### What needs to be done
Where a picture appears, leave it out, and transcribe all the lines below exactly.

### Provided data
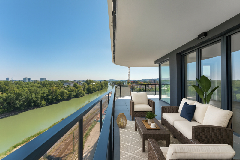 Ez a lakás nem egyszerűen egy otthon, hanem egy életérzés: reggeli kávé a Dunára néző teraszon, esti naplemente a város fényeivel, és a nyugalom, amit csak a víz és a zöld közelsége adhat.
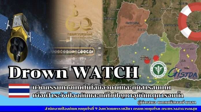 สำนักงานป้องกันควบคุมโรคที่ 9 จังหวัดนครราชสีมา ร่วมกับสำนักงานพัฒนาเทคโนโลยีอวกาศและภูมิสารสนเทศ (GISTDA) พัฒนานวัตกรรม Drown WATCH ผลงานวิชาการดีเด่น Service Plan Sharing 2025 เขตสุขภาพที่ 9 ใช้เทคโนโลยีอวกาศและภูมิสารสนเทศ วิเคราะห์พื้นที่แจ้งเตือนความเสี่ยง และใช้กลไกชุมชน ติดตั้งป้ายแจ้งเตือน จัดอุปกรณ์ช่วยชีวิตในแหล่งน้ำเสี่ยง พร้อมเฝ้าระวังเพื่อช่วยเหลือให้ทันในช่วง Golden Hour ส่งผลให้อัตราการเสียชีวิตจากการจมน้ำลดลงจากร้อยละ 100 เหลือร้อยละ 57.1
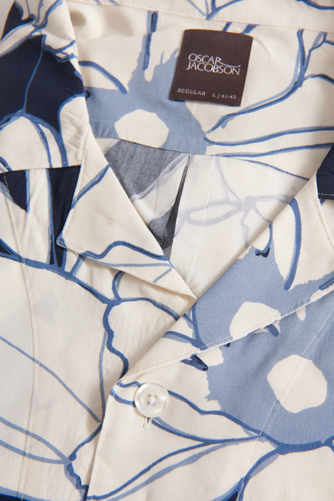 Kortermet skjorte i regular fit med bowlingkrage. Laget av mønstret viskose.
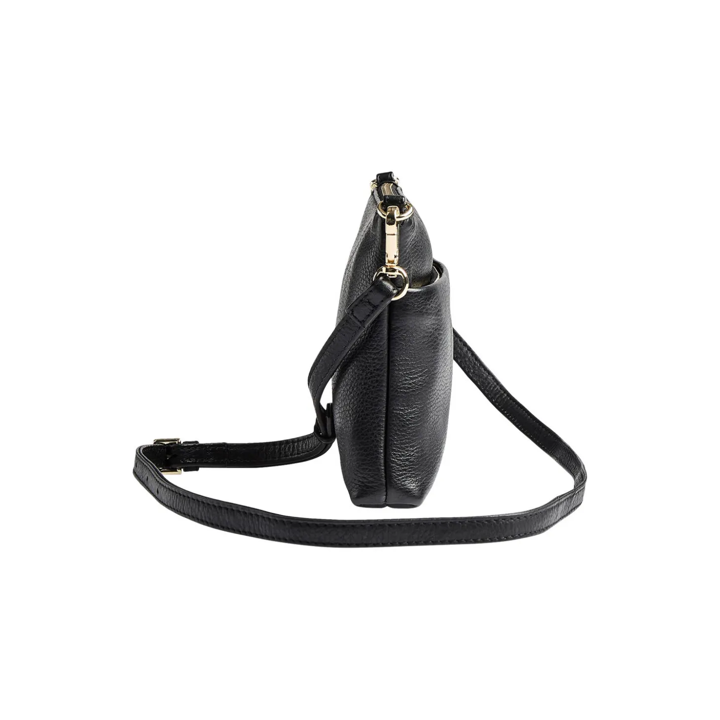 Karima Crossbody bag fra Markberg er en fin taske. Den er lavet af kalveskind, hvilket giver den et eksklusivt udseende og en blød fornemmelse. Med lynlåslommen på fronten er den ideel til opbevaring af småting, som man gerne vil have hurtigt adgang til. Det store rum indeni giver god plads til det, man måtte have brug for til hverdag, mens lynlås-lukningen sikrer sikkerhed for indholdet. Den justerbare og aftagelige læderstrop gør det muligt at tilpasse tasken til ens personlige stil og præferencer, så man kan bære den som man ønsker. Taskens indvendige for i 100% bomuld tilføjer komfort og holdbarhed, og de kompakte mål 16 cm x 24 cm x 3 cm, gør den praktisk at have med sig uden at være for voluminøs.

### Final answer
 Ez a lakás nem egyszerűen egy otthon, hanem egy életérzés: reggeli kávé a Dunára néző teraszon, esti naplemente a város fényeivel, és a nyugalom, amit csak a víz és a zöld közelsége adhat.
 สำนักงานป้องกันควบคุมโรคที่ 9 จังหวัดนครราชสีมา ร่วมกับสำนักงานพัฒนาเทคโนโลยีอวกาศและภูมิสารสนเทศ (GISTDA) พัฒนานวัตกรรม Drown WATCH ผลงานวิชาการดีเด่น Service Plan Sharing 2025 เขตสุขภาพที่ 9 ใช้เทคโนโลยีอวกาศและภูมิสารสนเทศ วิเคราะห์พื้นที่แจ้งเตือนความเสี่ยง และใช้กลไกชุมชน ติดตั้งป้ายแจ้งเตือน จัดอุปกรณ์ช่วยชีวิตในแหล่งน้ำเสี่ยง พร้อมเฝ้าระวังเพื่อช่วยเหลือให้ทันในช่วง Golden Hour ส่งผลให้อัตราการเสียชีวิตจากการจมน้ำลดลงจากร้อยละ 100 เหลือร้อยละ 57.1
 Kortermet skjorte i regular fit med bowlingkrage. Laget av mønstret viskose.
 Karima Crossbody bag fra Markberg er en fin taske. Den er lavet af kalveskind, hvilket giver den et eksklusivt udseende og en blød fornemmelse. Med lynlåslommen på fronten er den ideel til opbevaring af småting, som man gerne vil have hurtigt adgang til. Det store rum indeni giver god plads til det, man måtte have brug for til hverdag, mens lynlås-lukningen sikrer sikkerhed for indholdet. Den justerbare og aftagelige læderstrop gør det muligt at tilpasse tasken til ens personlige stil og præferencer, så man kan bære den som man ønsker. Taskens indvendige for i 100% bomuld tilføjer komfort og holdbarhed, og de kompakte mål 16 cm x 24 cm x 3 cm, gør den praktisk at have med sig uden at være for voluminøs.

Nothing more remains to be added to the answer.